You're not alone: 23 million Americans suffer from migraines. Women are more vulnerable than men, probably because of hormonal triggers. One study found that 41 percent of women undergoing hysterectomies had a history of migraines.
Several supplements have been shown to help migraines, and their side effects are nonexistent or mild. The most potent is the herb feverfew. A 1988 study in The Lancet took the medical community by surprise: researchers found that feverfew reduced migraine occurrences by 25 percent. I tell migraine sufferers to take 1,000 milligrams of the herb daily, standardized to 0.2 percent pathenolide, feverfew's active ingredient.
Magnesium may also help; it dilates blood vessels that can become painfully constricted during migraines. One study showed that a magnesium injection stops migraines within 20 minutes. There are virtually no side effects. In severe cases I give a magnesium injection and then recommend daily oral supplements of 500 milligrams to prevent further attacks.
For the past 20 years I've suffered from chronic sinus congestion. Eight years of allergy shots did almost nothing for me, so I take a decongestant every day. If I skip even a day, though, I feel awful. It worries me that I'm so dependent on medicine, but I work full time and have two teenaged children, so I don't have time to feel ill. Can you help me?
Chronic sinusitis, or sinus inflammation, is very common, and it's important to determine whether it is due to allergies, infection, or both. Infection often reveals itself through a mildly elevated white blood cell count and tenderness in the sinus. An X-ray will confirm that the sinusitis is due to an infection; if that's the problem, a month or more of antibiotic treatment may be required for a long-standing case.
If your congestion is due to allergies, shots won't help unless you reduce exposure to the triggering allergen. For instance, if you are allergic to molds and are exposed to them daily, the allergy shot will only compound your problem. This is true of pollens, dust mites, and foods as well. It would be a good idea to get tested for allergies to all of these triggers, and then to eliminate them from your daily life as much as possible.

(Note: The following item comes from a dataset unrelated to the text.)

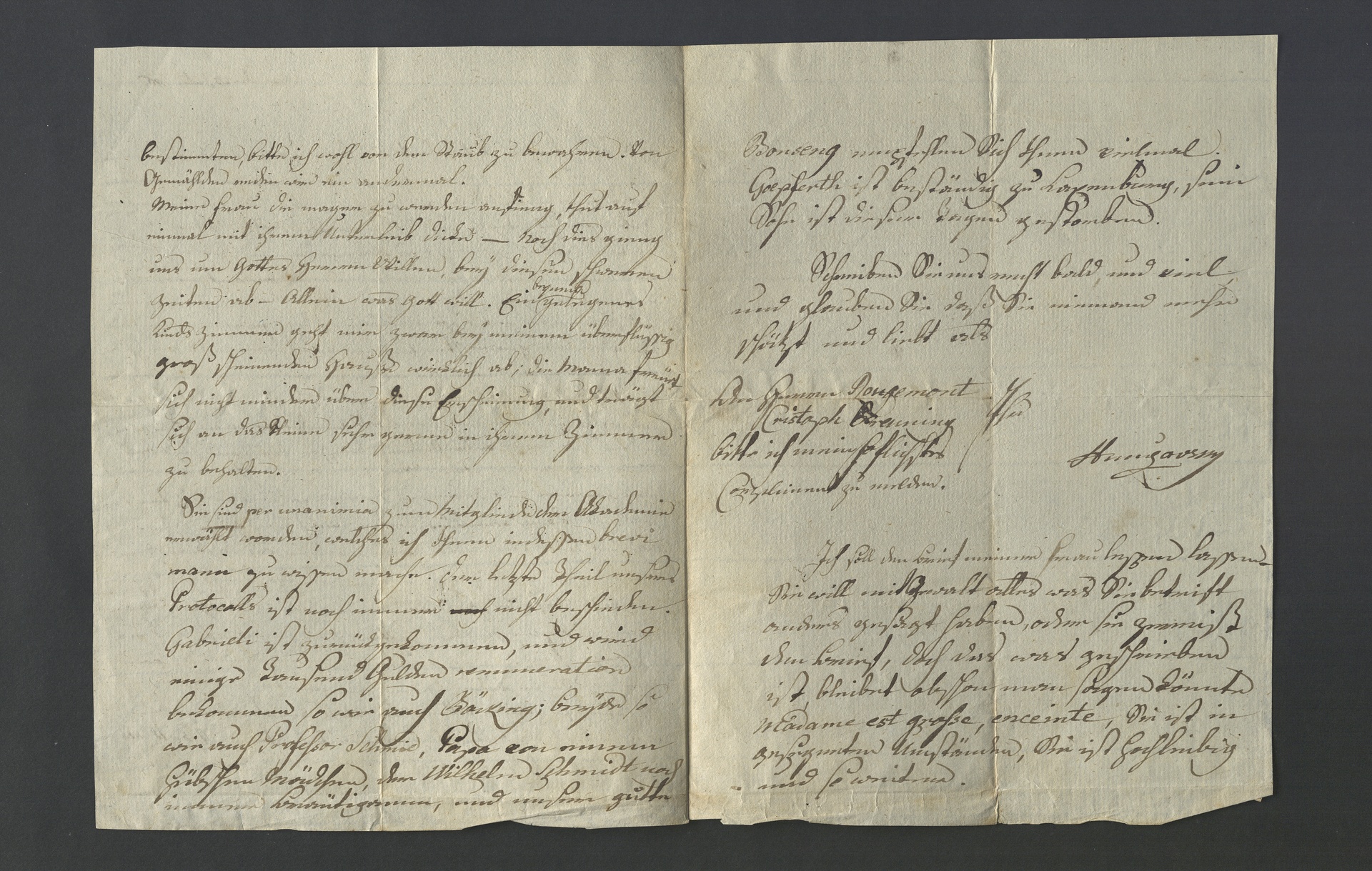 Der Chirurgie-Professor Hunczovsky schreibt an Franz Gerhard Wegeler, der im Juni 1796 Wien verlassen hatte und nach Bonn zurückgekehrt war, und bedankt sich für dessen Nachrichten. Hunczovsky gibt auf vielfache Art seiner Sympathie für Wegeler Ausdruck. Er zweifelt an den Versprechungen der Politiker, bald werde es Frieden geben. Hunczovsky berichtet von der Schwangerschaft seiner Frau und von Wegelers Wahl in die Akademie, die allerdings noch nicht offiziell verkündet sei.

Molds can be a powerful trigger of chronic sinus problems, so I recommend that you test your home for them. One patient of mine, a 42-year-old writer, had a house in upstate New York surrounded by woods. As soon as he moved in, his sinus congestion worsened, and he became dependent on medicine, just like you. The house was damp and turned out to have a leaky, moldy roof. His condition improved once he fixed the roof and bought a dehumidifier.
Vitamin C and the herb stinging nettle may also improve your condition. Both are natural antihistamines that help prevent allergic reactions. Vitamin C is a powerful immune booster as well, which is a benefit if your congestion stems from an infection.

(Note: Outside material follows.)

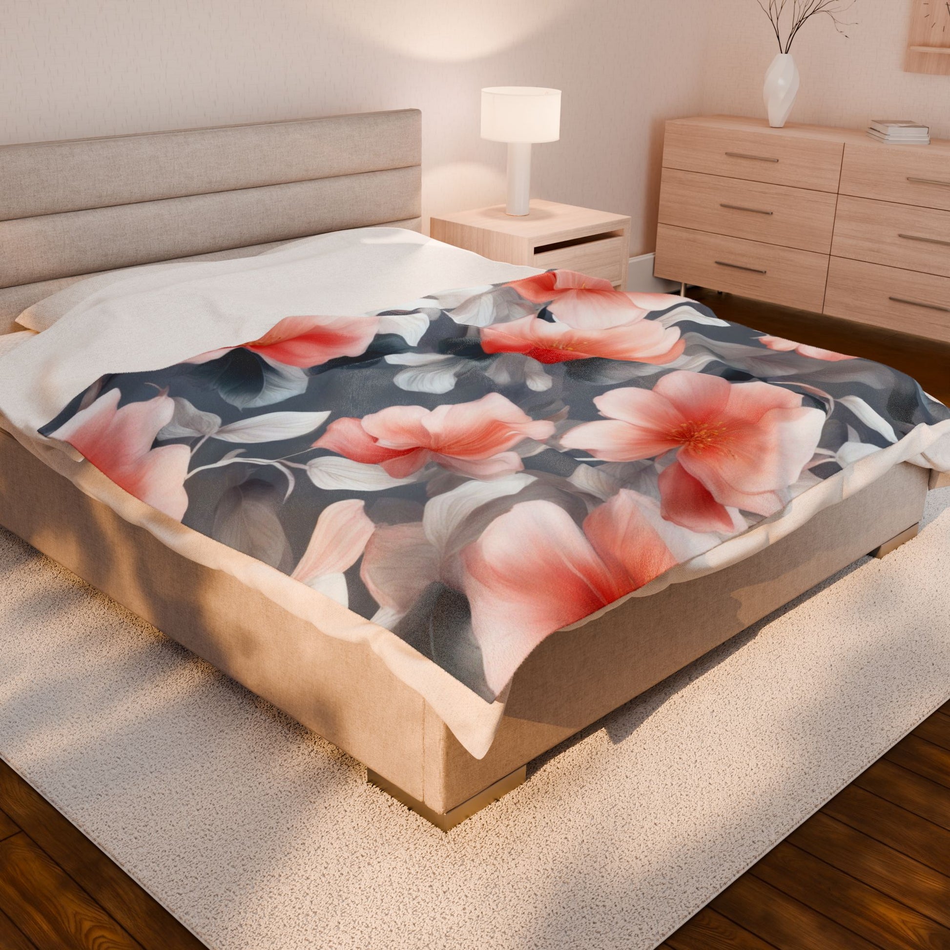 Red Blossom Floral Bunch Velveteen Plush Blanket, 60" x 80"

I'm 38 years old and experiencing joint pain in my hands and thumbs, which is especially worrisome because I work as a massage therapist. My doctor says I have the early signs of arthritis and he recommends physical therapy and Mortin. Are there any natural approaches I should consider?
Natural remedies can be very effective against joint pain. First of all, there is a documented connection between rheumatoid arthritis—an autoimmune disease in which the body attacks its own joints—and low levels of vitamin E and beta carotene. These nutrients, moreover, are crucial in the fight against free radical damage, which is also implicated in arthritis. You can have your vitamin levels checked to see if they are low.
Another exciting supplement, glucosamine sulfate, seems to be very effective against arthritis—particularly osteoarthritis, a wearing down of the cartilage that can occur with age. This supplement is a cartilage extract that seems to reverse inflammation and to stimulate and rebuild damaged cartilage in the joints. Generally I prescribe three doses daily of 500 milligrams each. I have seen it work in nearly two thirds of my arthritic patients.